Ford will take a $US19.5 billion ($A29.3 billion) writedown and is killing several electric-vehicle models, in the most dramatic example yet of the auto industry’s retreat from battery-powered models in ‍response to the Trump administration’s policies and weakening EV demand.

The Dearborn, Michigan-based company said it will replace the fully electric F-150 Lightning with a new extended-range electric model that uses a gas-powered engine to recharge the battery.

The company is also scrapping a next-generation electric ​truck, codenamed the T3, as well as planned electric commercial vans.

An electric vehicle
US sales of electric vehicles fell about 40 per cent in November. (AP PHOTO)

“When the market really changed over the last couple of months, that was really the impetus for us to make the call,” Ford CEO Jim Farley told Reuters.

Ford said it will pivot hard ⁠into gas and hybrid models, and eventually hire thousands of workers, even though there will be some layoffs at a jointly owned Kentucky battery plant in the near term.

The company expects its global mix of hybrids, extended-range EVs and pure EVs to reach 50 per cent by 2030, from 17 per cent today.

The car company will spread out the writedown, taken primarily in the fourth quarter and continuing through next year and into 2027, the company said.

Ford's electric F-150 Lightning pickup truck
A Ford executive says the company will replace the fully electric F-150 Lightning. (AP PHOTO)

About $US8.5 billion is related to cancelling planned EV models.

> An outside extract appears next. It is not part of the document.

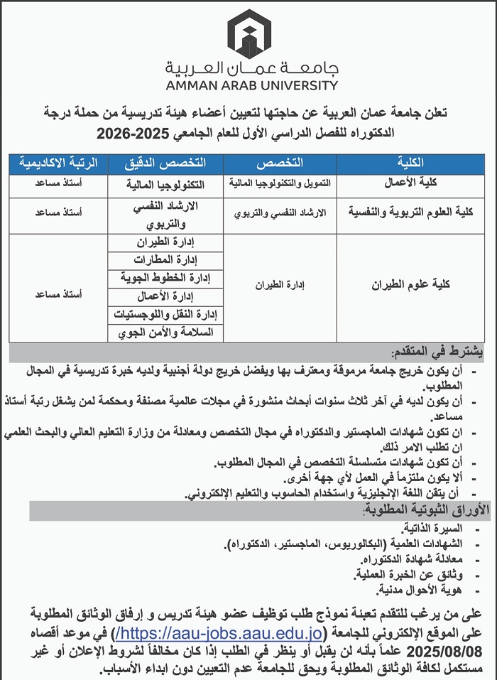 وعلى الراغبين في الحصول على وظائف جامعة عمان العربية، الدخول على موقع جامعة عمان العربية عبر شبكة الانترنت، والتقديم متاح الآن عبر الرابط التالي.. اضغط هنااااااااااااااا.. على من يرغب للتقدم تعبئة نموذج طلب توظيف عضو هيئة تدريس وإرفاق الوثائق المطلوبة في موعد أقصاه 8-8-2025، على الموقع الإلكتروني للجامعة.. اضغط هناااااااا.. علمًا بأنه لن يقبل أو ينظر في الطلب إذا كان مخالفًا لشروط الإعلان أو غير مستكمل لكافة الوثائق المطلوبة ويحق للجامعة عدم التعيين دون ابداء الأسباب.

Around $US6 billion is tied to the dissolution of a battery joint venture with South Korea’s SK On, and $US5 billion on what Ford called “program-related expenses.”

The US automaker also raised its 2025 guidance for adjusted earnings before interest and taxes, to about $US7 billion, up from a previous range of $US6 billion to $US6.5 billion.

Ford’s shift reflects the auto industry’s response to waning demand for battery-powered models, after car companies ploughed hundreds of billions of dollars into EV investments early this decade. 

The outlook for electrics dimmed significantly this ‍year as US President Donald Trump’s policies yanked federal support for EVs and eased tailpipe-emissions rules, which could encourage carmakers to sell more gas-powered cars.

US sales of electric vehicles fell about 40 per cent in November, following the September 30 expiration of a $US7,500 consumer tax credit, which had been in place for more than 15 years to stoke demand.

The Trump administration also included in the massive tax and spending bill that passed in July a freeze on fines that automakers pay for violating fuel-economy regulations.

For its future EV line-up, the company is shifting focus ​to more affordable EV models, conceived by a so-called skunkworks team in California.

Ford plans to price the first model from that team at about $US30,000 and begin sales in 2027.

“Rather than ‍spending billions more on large EVs that now have no path to profitability, we are allocating that money into higher-returning areas,” said Andrew Frick, head of Ford’s gas and electric-vehicle operations.

Earlier this year, Ford said it expected to lose roughly $US5 billion on its EV business this year, about the same as it lost in 2024.